# Square CTF 2018 - C10: fixed point

## Description

A handwritten note has been added to C10’s label.

``````If you are a Charvis then this is a simple application of Xkrith’s First and Sixth Theorems.  If you are not a Charvis then you should familiarize yourself with Xkrith’s works.  A primer can be found in Room 100034B.
``````

Note: For the humans out there, this system is built on an oscillator. It’ll disable itself when you find the oscillator’s fixed point.

Good luck!

## Solution

The Javascript code in the given HTML file applies the function below to our input `x`, and gives us the flag if and only if `x` is a fixed point (i.e. `f(x) = x`).

``````function f(x) {
if ((x.substr(0, 2) == '🚀') && (x.slice(-2) == '🚀')) {
return x.slice(2, -2);
}
if (x.substr(0, 2) == '👽') {
return '🚀' + f(x.slice(2));
}
if (x.substr(0, 2) == '📡') {
return f(x.slice(2)).match(/..|/g).reverse().join("");
}
if (x.substr(0, 2) == '🌗') {
return f(x.slice(2)).repeat(5);
}
if (x.substr(0, 2) == '🌓') {
var t = f(x.slice(2));
return t.substr(0, t.length/2);
}

return "";
}
``````

This function reads our input `emoji` by `emoji` interpreting each one of them as an instruction. Those instructions are pushed on the top of a stack. The final output of `f` is the result of applying all those instructions starting from the top of the stack, i.e. last in first out.

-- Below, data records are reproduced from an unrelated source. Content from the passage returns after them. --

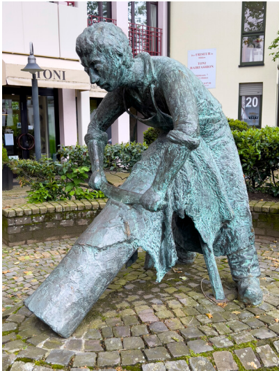
Die 1987 errichtete Bronzeplastik "Der Gerber" in einem kleinen Rondell vor der Wohnsiedlung Mühlenstraße in Hilden (2024). Das Werk des Künstlers Olaf Höhnen erinnert an die großen Gerbereien und Lederfabriken, die bis 1860 bis 1961 auf diesem Gelände in Betrieb waren.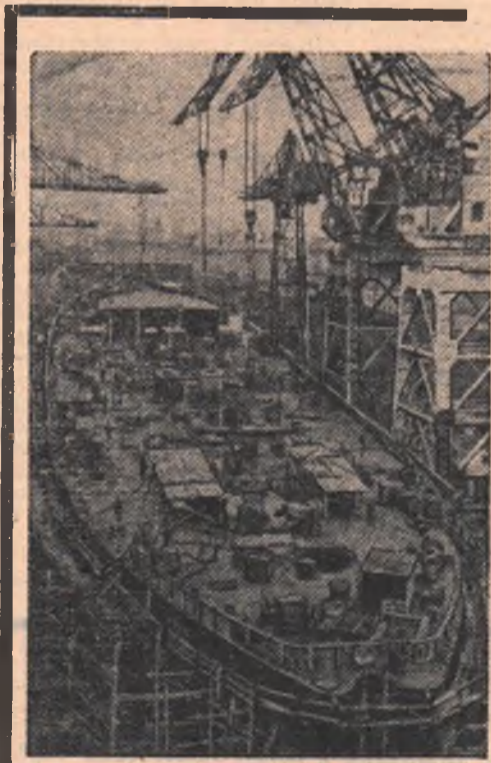
ЛЕНИНГРАД. На строительстве атомного ледокола «Ленин». НА СНИМКЕ: общий вид строительства ледокола.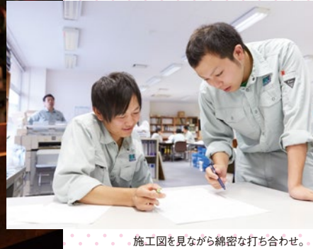
施工図を見ながら綿密な打ち合わせ。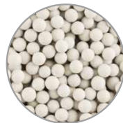
Anioni Ceramiche antiossidanti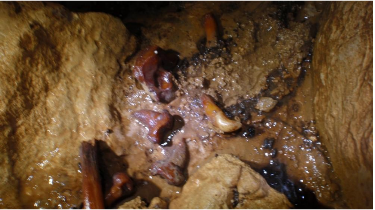
Illustration 4: Les dents de la bêtes inconnue!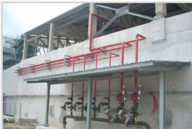
Tettoia per impianti antincendio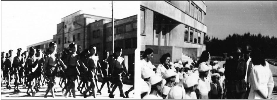
Fig. 2. Bambini figli di coloni italiani in Libia presso la Colonia Gil a Marina di Ravenna, estate 1942.

Italia [Arthurs 2010; Hökerberg 2018; Carter, Martin 2019; Belmonte 2019; Bartolini 2020; Albanese, Ceci 2022].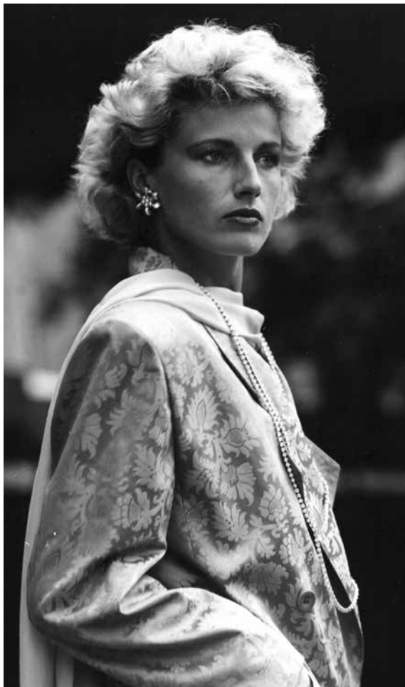
Obr. 9 Módní přehlídka, VIII. Mezinárodní výstava bižuterie Jablonex '83, Jablonce nad Nisou, 1984, MSB, Archivní sbírka, Sběrka dokumentů k mezinárodním výstavám bižuterie, r. 1984

Tato expozice prezentovala ženu ve společnosti, v domácím i pracovním prostředí nebo při sportu a obsahovala expozici skla, kožichů, módy a textilií, které doplňovala bižuterie. Tuto prezentaci ale s odstupem času nelze vnímat jen negativně. Bižuterní podniky rozhodně obstály a dokázaly, že se jejich výrobky hodí pro každou příležitost a také k pracovnímu oděvu. Kolekce čítající 50 kusů denní a 30 kusů večerní bižuterie pocházela z ŽBS a Bižuterie, která zde prezentovala především vysoce módní eloxovaný hliník. Odůvodněním pro změny se stalo i paralelní konání V. celostátní výstavy bižuterie v Jablonci nad Nisou. Rozhodnutí padlo již o dva roky dříve. V rámci plánu třetí pětiletky se doplňkem pro tzv. hlavní textilní a sklářskou výrobu stala bižuterie, obuv a módní doplňky. 36 Návštěvníká veřejnost reagovala negativně. A nakonec bižuterie chyběla i úředníkům a politikům. Na základě toho vládní komise pro výstavnictví vznesla na svém jednání 19. listopadu 1963 požadavek, aby se součástí příštích LVT stala „důstojná expozice skla a bižuterie v rozsahu, který bude přitažlivý také pro zahraniční turisty a obchodní zámce.“ 37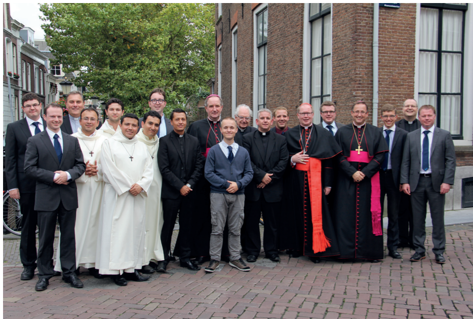
Foto: staf en seminaristen b.g.v. de start van het Ariënsinstituut in september 2014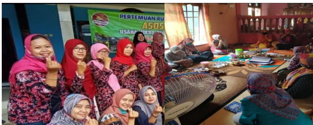
Gambar 5. Proses Pelatihan Penguatan Pengemasan Produk Batik

Hasil penguatan usaha yang dilakukan tim pengabdian terhadap pengrajin batik Banyuwangi, dengan penguatan usaha dengan melakukan pendampingan dan mencari mitra yaitu gallery-gallery batik yang ada di kota Banyuwangi. Sehingga dengan adanya mitra dapat meningkatkan penjualan produk kerajinan tangan batik yang dihasilkan, dan dapat memperluas pemasaran produk batik Banyuwangi Kecamatan Rogojampi Kabupaten Banyuwangi. Gallery-Gallery di tempat wisata dan kawasan Kota Banyuwangi akan mempermudah pengunjung dan konsumen untuk membeli hasil produksi pengrajin batik, misalnya toko oleh-oleh khas Banyuwangi. Pendampingan dan pelatihan dilakukan dua kali tatap muka dengan tiga sampai empat jam untuk setiap tatap muka. Berikut gambar proses diskusi dan pendampingan dalam upaya bermitra dengan pemilik gallery di Kota Banyuwangi.

The mapping between `emojis` and instructions is the following:

• 👽 -> put 🚀 on the stack
• 📡 -> put `reverse` on the stack
• 🌗 -> put `repeat(5)` on the stack
• 🌓 -> put `substr(0, t.length/2)` on the stack
• 🚀`x`🚀 -> put `x` on the stack (exit case)
• default -> put `''` on the stack (exit case)

We can do the following observations.

1. The only `emoji` that we can create is 🚀.
2. Following from `1.` , the only way we have to “create” other `emojis` is trough the `repeat(5)` operation. Of course the `emojis` we want to “create” have to be in the argument of `repeat(5)`.
3. From what above we conclude that the only acceptable exit case is 🚀`x`🚀, and that `x` has to include all the `emojis` we need to “create”.
4. 📡📡 corresponds to the unit operation.
5. 📡👽📡 translates to `[reverse, 🚀 at beginning, reverse]`. The result of those three instructions will be adding a 🚀 at the end of our current sequence.

Now we have enough information to start building our input!

Let’s define it to be `x`🚀`x`🚀, where `x = y`📡👽📡. This will translate into `[..y.., reverse, 🚀 at beginning, reverse, x]`. Remebering that we have to apply the instructions backwards (i.e. starting from the right), after applying the first four we will end up with the following situation:

• Partial output: `x`🚀
• Stack: `[..y..]` (i.e. the instructions encoded in `y`)

Thus, if we manage to have `y` such that its aggregation corresponds to `repeat(2)` we are done. In other words we want to find a `u`and `v`such that:

``````    1 * 5^u * 2^-v = 2
``````

Unfortunately there is no integer solution to this equation, but we can overcome this limitation by generalizing what stated above. We can define our input to be `x`🚀 repeated `n` times (with `x` defined as before), so that, after applying the first four operations, the situation will be:

• Partial output: `x`🚀 repeated `n-1` times
• Stack: `[..y..]` (i.e. the instructions encoded in `y`)

The equation to solve becomes:

``````    (n-1) * 5^u * 2^-v = n
``````

Which hopefully has `{n = 5, u = 1, v = 2}` as a solution.

We obtain `y=`🌓🌓🌗, thus `x=`🌓🌓🌗📡👽📡. Now we repeat `x`🚀 five times and we are done!

🌓🌓🌗📡👽📡🚀🌓🌓🌗📡👽📡🚀🌓🌓🌗📡👽📡🚀🌓🌓🌗📡👽📡🚀🌓🌓🌗📡👽📡🚀

`flag-2d4584368d09da2187f5`

## Bonus

### Quines

The function `f` of this challenge is actually a quine. Quines are programs that print out their own source code.

### Infinite solutions 📡📡

Since 📡📡 corresponds to the unit operation, there were an infinite number of solutions: one can add to his input as many couples of 📡 as he wants.

Beside this, there are many solutions to the equation presented above and `{n = 5, u = 1, v = 2}` is only one of them.